"Catolicismo" Nº 165 - Setembro de 1964

 

Jornal católico francês responde à carta aberta

publicada em “Kierunki”

 

Plinio Corrêa de Oliveira

Continua a repercutir amplamente nos meios católicos europeus o estudo do Prof. Plinio Corrêa de Oliveira sobre “A liberdade da Igreja no Estado comunista”, publicado nesta folha, e posteriormente traduzido em francês, inglês, espanhol e italiano pela Sociedade Brasileira de Defesa da Tradição, Família e Propriedade, seção do Rio de Janeiro, e reproduzido por órgãos de imprensa de nove países.

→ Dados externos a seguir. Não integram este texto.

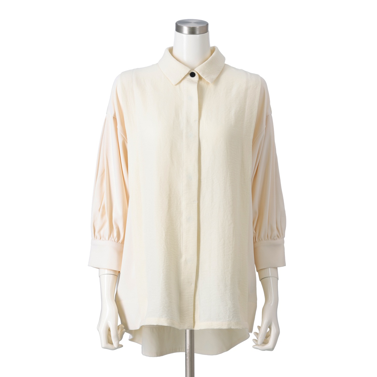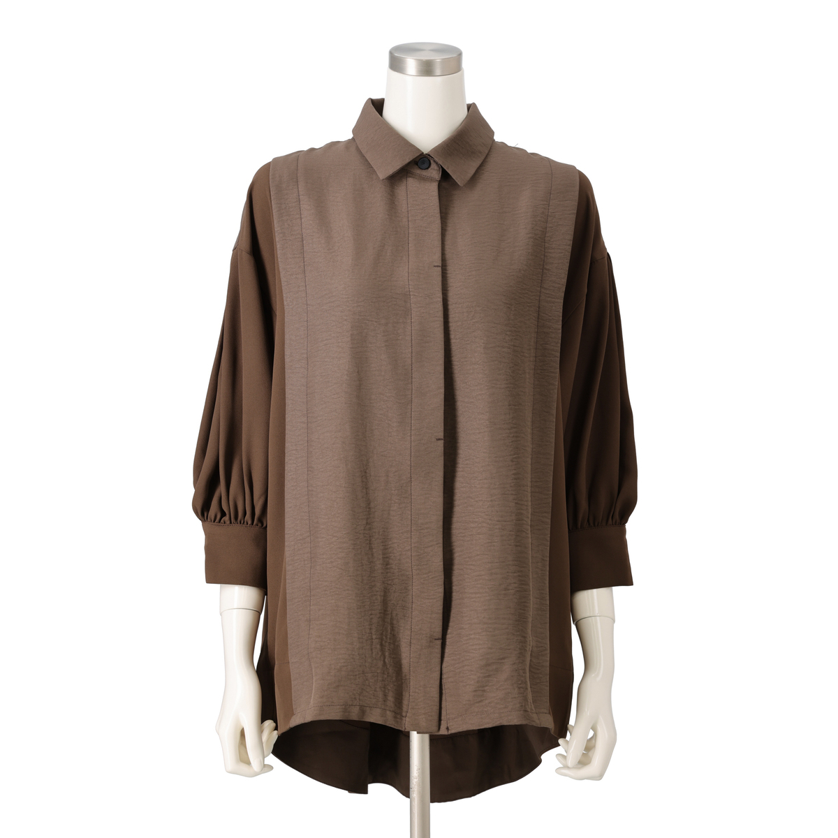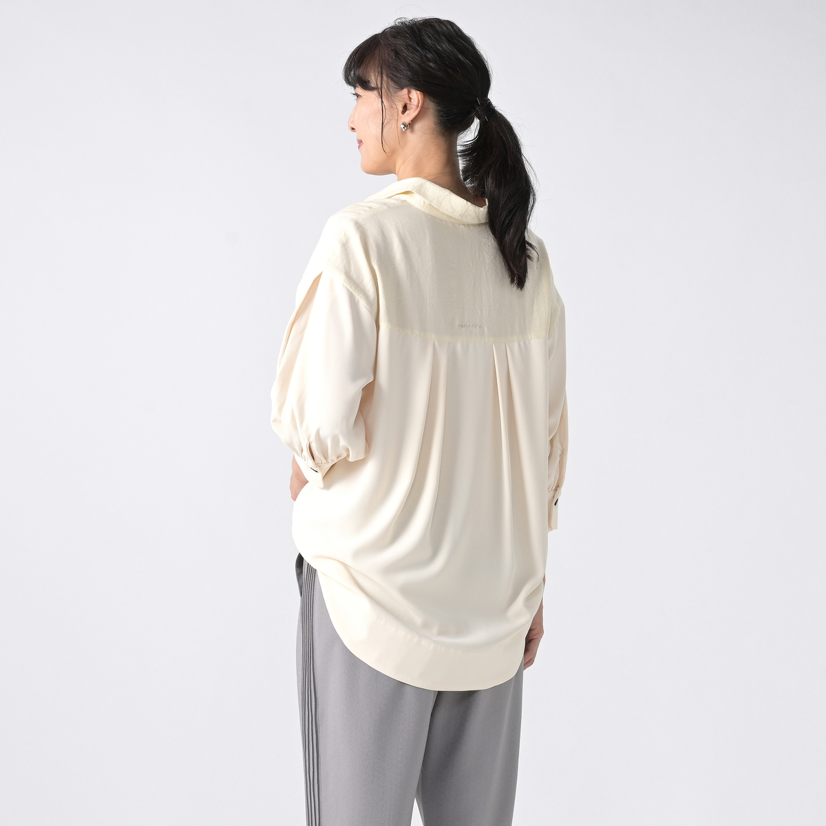 ヴィンテージツイルとジョーゼットを組合せたボクシーブラウス。シワ感のある中肉素材ときれいめな表面感のジョーゼットが立体感を生み出し、上品な印象で着こなせます

Ainda agora chega-nos às mãos o numero de 3 de maio p.p. do prestigioso e combativo quinzena rio católico “L'Homme Nouveau”, de Paris, que contém — na seção “L'Eglise dans le monde” — uma replica à “Carta Aberta” dirigida ao Prof. Plinio Corrêa de Oliveira, através do jornal “Kierunki” de Varsóvia, pelo Sr. Zbigniev Czajkowski, do grupo “Pax” (demos noticia desta em nosso nº 161, de maio último). Trata-se de um artigo do Sr. Henri Carton, o qual, tomando conhecimento da “Carta Aberta” através dos próprios serviços de divulgação de “Pax”, sentiu-se impelido a intervir no debate, refutando os ataques do progressista polonês às teses defendidas em “A liberdade da Igreja no Estado comunista”.

No numero 162, de junho p.p., publicamos a resposta do Prof. Plinio Corrêa de Oliveira ao Sr. Z. Czajkowski. Julgamos oportuno trazer hoje ao conhecimento dos nossos leitores a incisiva e brilhante argumentação que o Sr. Henri Carton desenvolve no seu artigo, intitulado “Lettre ouverte à Monsicur Czajkowski”.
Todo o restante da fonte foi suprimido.